Signé du "bureau médiatique de l'EI en Tunisie", cet enregistrement de propagande est présenté comme filmé dans ce pays, un fait très rare.


Sa diffusion est intervenue trois semaines après un double attentat suicide contre la police à Tunis revendiqué par l'EI et qui a fait deux morts -un policier et un civil.

Dans la vidéo, le groupe d'hommes armés prêtent allégeance au chef de l'EI, Abou Bakr al-Baghdadi, le "commandeur des croyants".

"Vos soldats et vos fils en terre de Kairouan se portent bien", a déclaré l'un d'eux, surnommé "Abou Omar al-Tounsi (le Tunisien)", s'adressant à Abou Bakr al-Baghdadi. La région de Kairouan (centre) est un haut lieu de l'islam en Tunisie.

Un autre jihadiste surnommé "Abou Khaled al-Tounsi", appelle à "semer la terreur" en Tunisie.

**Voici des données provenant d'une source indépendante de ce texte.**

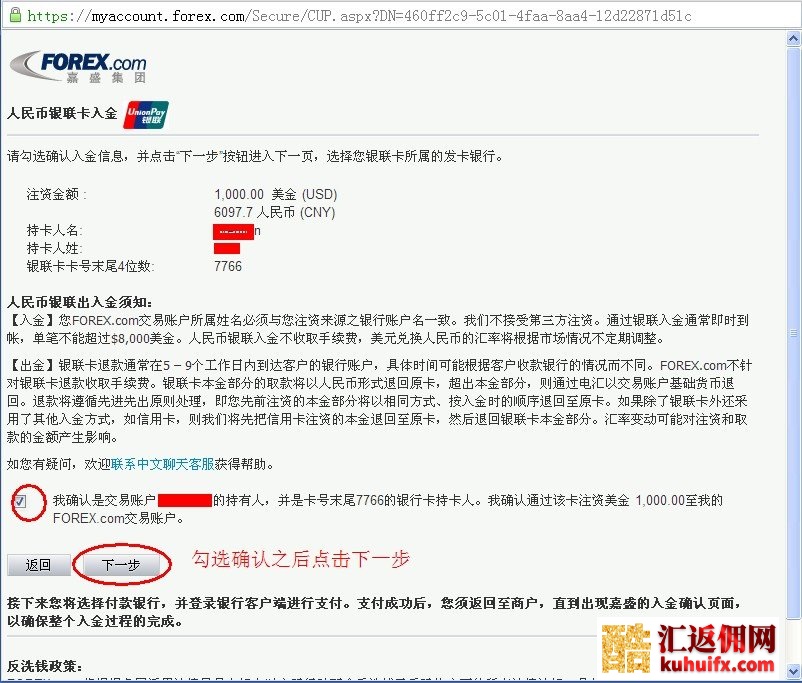 3,再次确认入金信息,勾选确认之后点击下一步。
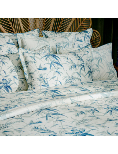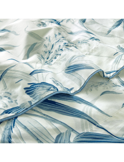 Orné de feuillages luxuriants et de perruches bleus sur un fond ivoire lumineux, ce drap plat apporte une note d’élégance naturelle à votre chambre.
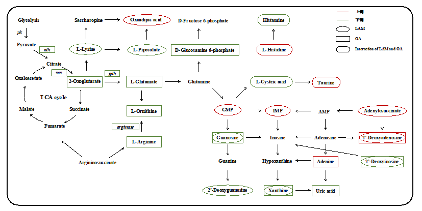 圖2 環(huán)境相關(guān)濃度混合抗生素(LAM)和海水酸化(OA)單獨(dú)/聯(lián)合暴露對海灣扇貝消化腺代謝過程的影響機(jī)制[2]
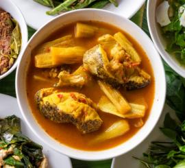 ต้มน้ำแกงเดือดใส่ปลาลงไป ใส่เกลือหรือน้ำปลาตามชอบเบา ๆ ไว้ก่อน เพราะกะปิอาจมีความเค็ม ค่อย ๆ ชิมให้เค็มเบาไว้ก่อน ปลาสุกใช้เวลาไม่นานราว 8-9 นาทีก็ใช้ได้ เติมน้ำมะนาวเพื่อปรุงให้รสชาติเปรี้ยว (ไม่นิยมใช้มะขามเปียก) ชาวใต้นิยมใช้ความเปรี้ยวจากมะนาว เขาคัน ส้มแขก มะขามสด ส้มโหนด และส้มจาก จะไม่ค่อยนิยมใช้มะขามเปียกนัก แต่ความเปรี้ยวจากมะนาวได้ทั้งเปรี้ยวแหลมและความหอม ใส่ออดิบลงไป เร่งไฟจนเดือดแล้วปิดไฟ พร้อม ปิดฝาทิ้งไว้ไม่ต้องคน ต้องการกินแบบกรอบนอกนุ่มในการใช้น้ำตาลทรายเพื่อตัดรสให้กลมกล่อมก็ไม่ควรใส่แยะ แค่ช้อนเดียวก็ช่วยได้ รสชาติน้ำแกงจะดีขึ้น ไม่เปรี้ยวแหลมเกินไป ชิมน้ำแกงมีรสเปรี้ยวนำ
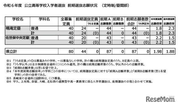 長崎県は2024年1月19日、2024年度(令和6年度)長崎県公立高等学校入学者選抜前期選抜・離島留学特別選抜志願状況について公表した。全日制の前期志願倍率は1.68倍。学校学科別では長崎西(普通・理系)5.9倍がもっとも高かった。
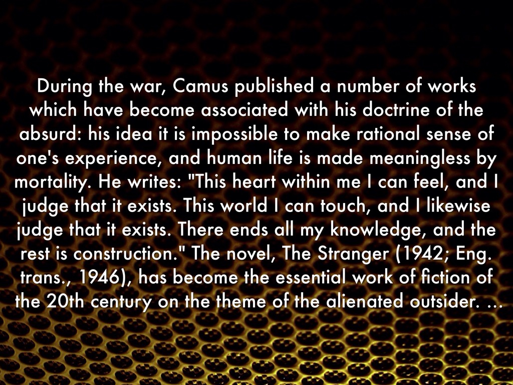During the war, Camus published a number of works which have become associated with his doctrine of the absurd: his idea it is impossible to make rational sense of one's experience, and human life is made meaningless by mortality. He writes: "This heart within me I can feel, and I judge that it exists. This world I can touch, and I likewise judge that it exists. There ends all my knowledge, and the rest is construction." The novel, The Stranger (1942; Eng. trans., 1946), has become the essential work of fiction of the 20th century on the theme of the alienated outsider.
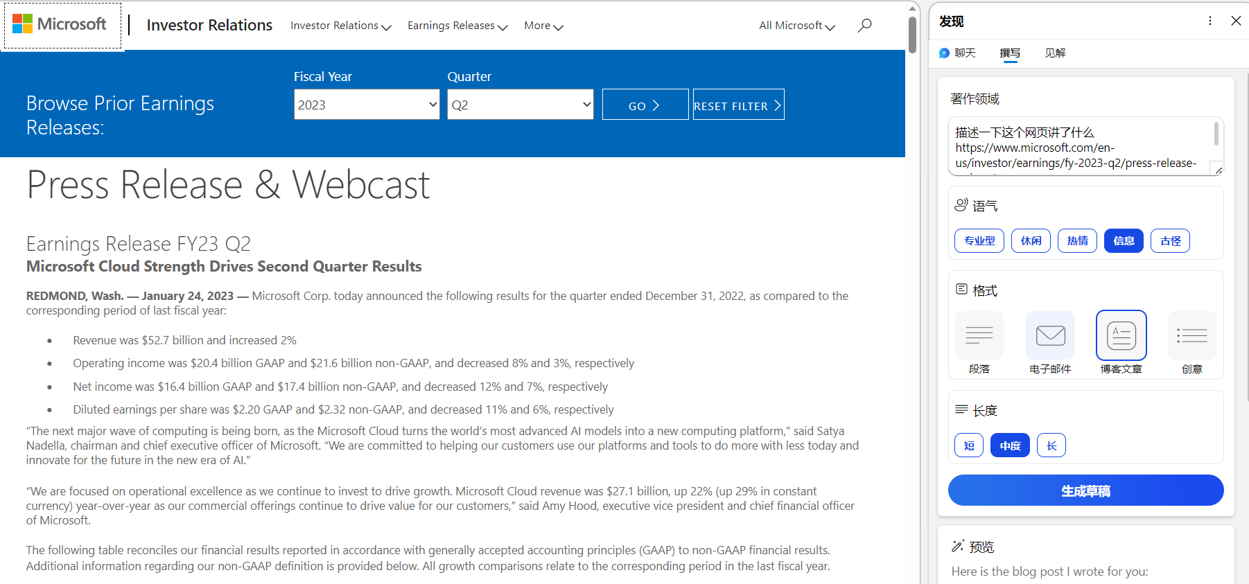 以下为Bing根据微软2023财季Q财报生成的中等长度信息博客
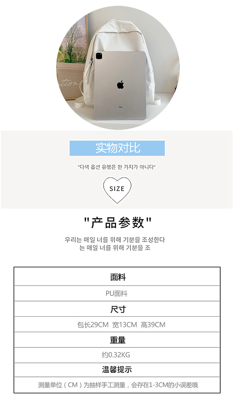 중학생을위한 새로운 한국어 스타일 ins 대학 스타일 학교 가방 캐주얼 단순 경량 통근 대용량 배낭
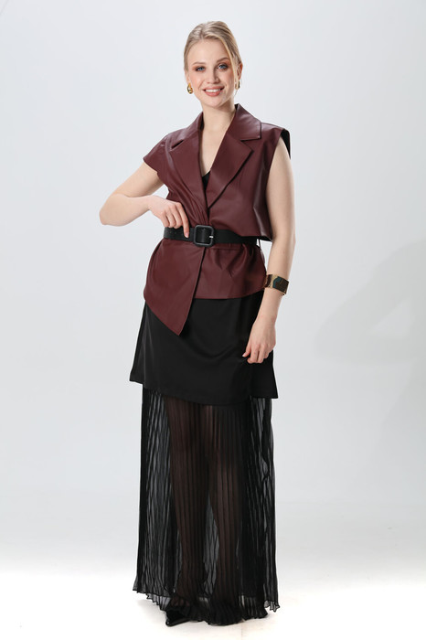 Костюм двухпредметный: состоит из платья и жилета. Платье прямого силуэта, с небольшим расширением к низу, длиной макси. Перед с нагрудной вытачкой из бокового шва. Вырез горловины переда и спинки имеют V-образную форму. Низ платья декорирован воланом из гофрированного шифона. Жилет из экокожи прямого силуэта с воротником пиджачного типа. По правой пройме переда расположена фигурная  деталь  "крылышко". Спинка со средним швом. По низу правого переда и низу правой спинки фигурная деталь. По левой части переда и левой части спинки отлетная кокетка. Изделие идёт в комплекте с ремнем из экокожи.
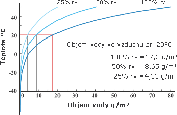 Okolitý vzduch vždy obsahuje určité množstvo vody. Toto množstvo vody závisí od aktuálnej okolitej teploty. Napríklad vzduch nasýtený vodnou parou na 50 % pri teplote +20 °C obsahuje 8,65 gramov vody na meter kubický.
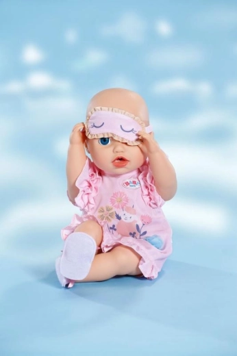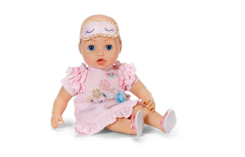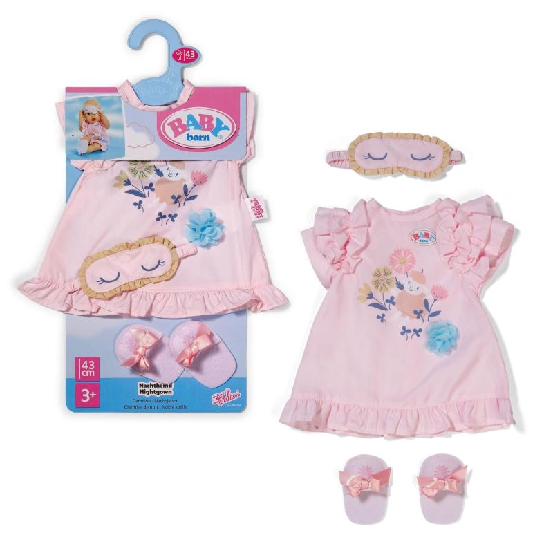 Uroczy zestaw do wieczornych rytuałów dla lalek: miękka koszulka nocna z falbankami, wygodne kapcie i maska do spania. Zabawny design z delikatnymi motywami i pastelowe kolory sprawiają, że to idealny strój do realistycznego usypiania lalek w rozmiarze 43 cm, a także dla misia BABY born.
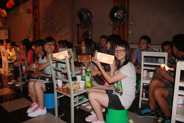 看我们的月饼多精美!图为信息工程系新生在晚会上。
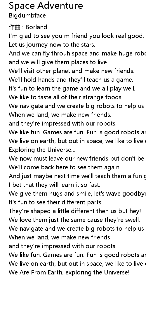 | We' ll visit other planet and make new friends. | |
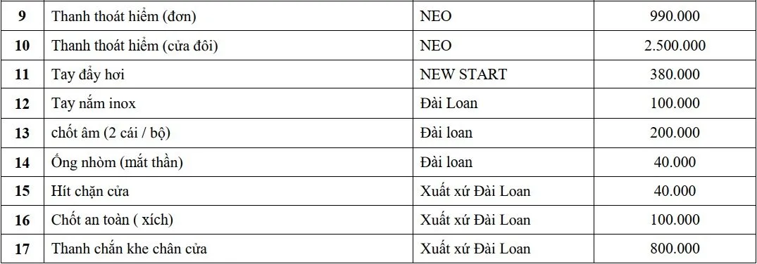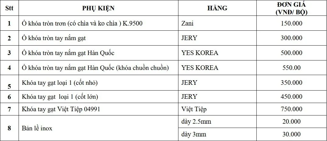 BẢNG GIÁ PHỤ KIỆN KING DOOR
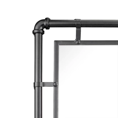 Add some Industrial flare to your home decor with Stonebriar’s 29.1″ x 16.7″ rectangle metal decorative wall mirror. This unique mirror features a rustic black metal pipe frame with a smooth matte painted finish. Mirror measures 29.1 inches in height, 16.7 inches in width, and 1.1 inches in depth. The glass mirror section alone measures 24.1 inches in height and 11.5 inches in width. It is the perfect size to use as a vanity mirror in the bathroom or as an accent mirror in the living room, bedroom, hallway, or entryway. Mirror comes with 2 attached keyhole hangers on the back and is easily installed with screws or wall hooks (not included). Buy your Stonebriar rectangular black metal pipe hanging wall mirror today and instantly enhance your home decor!
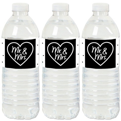 Big Dot of Happiness Mr. and Mrs. - Black and White Wedding or Bridal Shower Water Bottle Sticker Labels - Set of 20
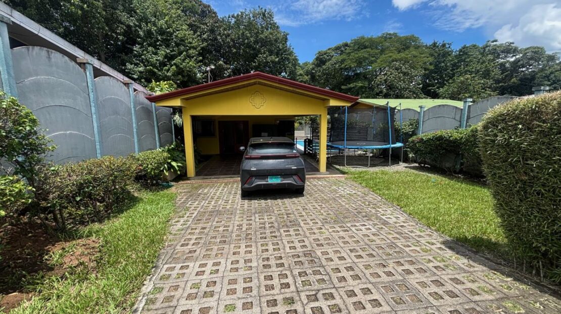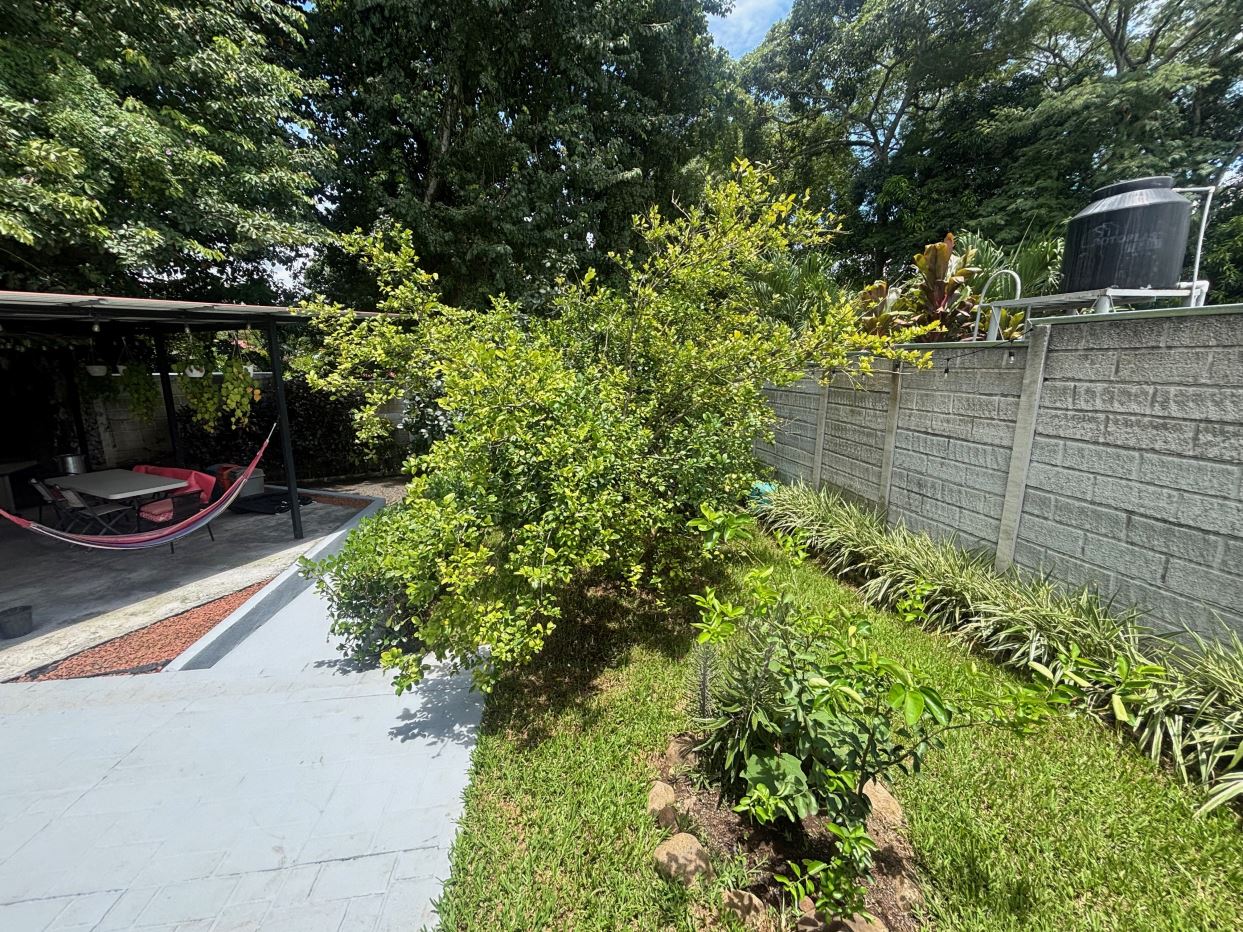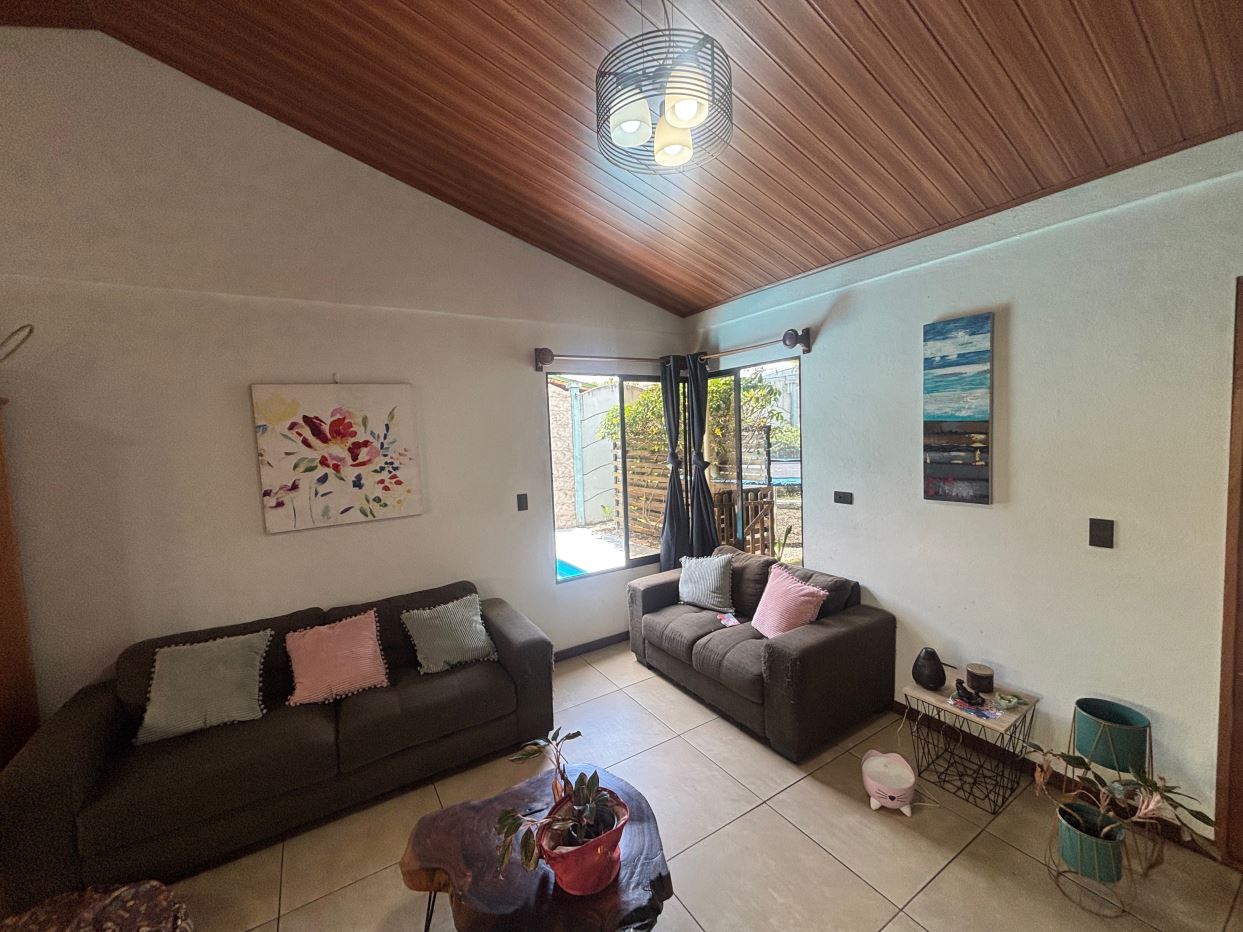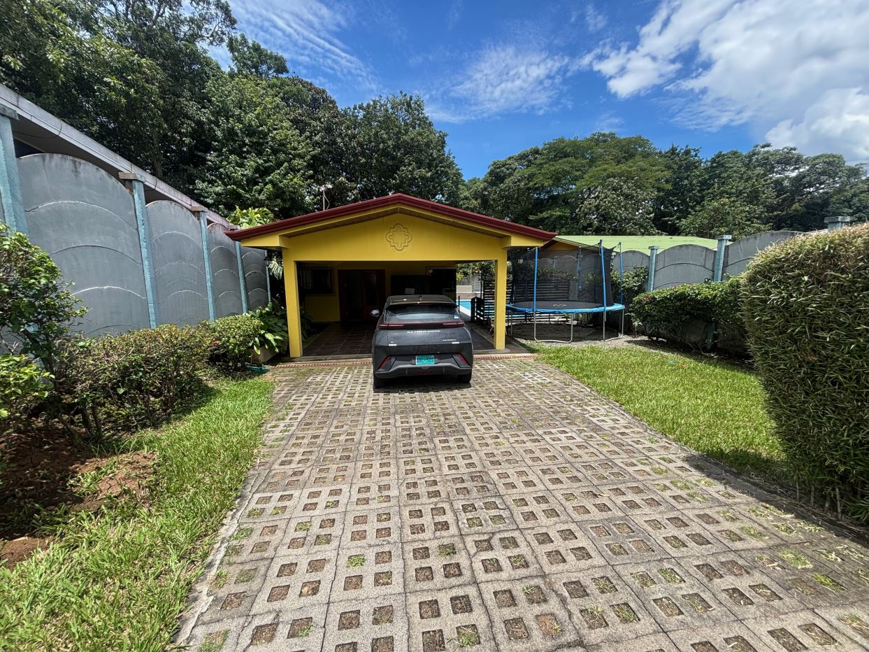 A cozy Atenas home with pool and rancho conveniently located close to everything.  This nicely designed and finished ranch style home is located just 1 minute from the east-west 27 highway and 3 minutes from Atenas Center but lies on a quiet residencial street within a short walk of supermarkets and restaurants.  The front of the home is entered by an automatic gate with a private and secure perimeter throughout.  The long private entrance leads to a carport and formal entry into the common area living room, kitchen and to the three bedrooms and one bath.  The kitchen leads way to a beautiful artesenal covered porch area adjacent to the long inviting pool and deck area.  The nicely landscaped backyard has a nice size orchard with plenty of citrus plants and other fruit trees.  There is an added annex room ideal for a separate apartment with bathroom or home office.  Farther in the back of the home is a covered bbq location.  There is an added storage area.

Après la révolution de 2011, la Tunisie a été confrontée à un essor de la mouvance jihadiste, responsable de la mort de dizaines de soldats et de policiers, mais aussi de nombreux civils et touristes étrangers.

Même si la sécurité s'est sensiblement améliorée ces dernières années, l'état d'urgence, instauré en novembre 2015, a sans cesse été renouvelé dans le pays.